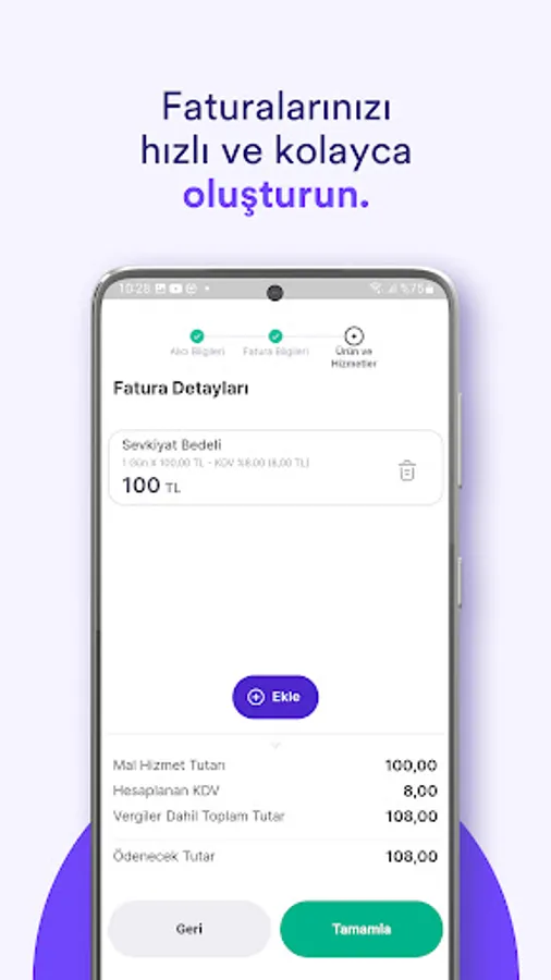 - Easily create your sales and purchase invoices.
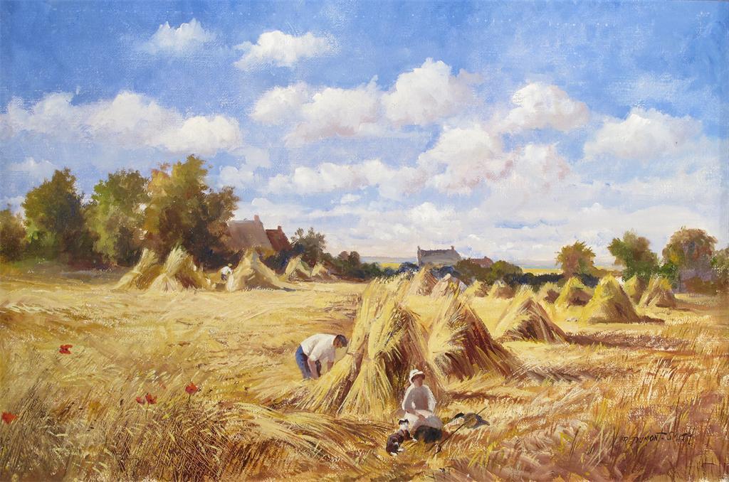 Robert Dumont-Smith (b.1908) Tying the corn stooks Signed Oil on canvas 51 x 77cm; 20 x 30¼in
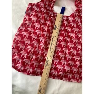 The vibrant red nylon material features a fun elephant print.
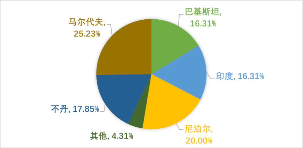 中国旅游运营商有兴趣获悉南亚各国家的资源供应商占比分别是:马尔代夫25.23%;尼泊尔20%;不丹17.85%;巴基斯坦16.31%;印度16.31%。

*REQUIRED WORK*
Copy the lines above exactly. Do not include pictures.

*OUTPUT FOR THIS TASK*
 - Easily create your sales and purchase invoices.
 Robert Dumont-Smith (b.1908) Tying the corn stooks Signed Oil on canvas 51 x 77cm; 20 x 30¼in
 The vibrant red nylon material features a fun elephant print.
 中国旅游运营商有兴趣获悉南亚各国家的资源供应商占比分别是:马尔代夫25.23%;尼泊尔20%;不丹17.85%;巴基斯坦16.31%;印度16.31%。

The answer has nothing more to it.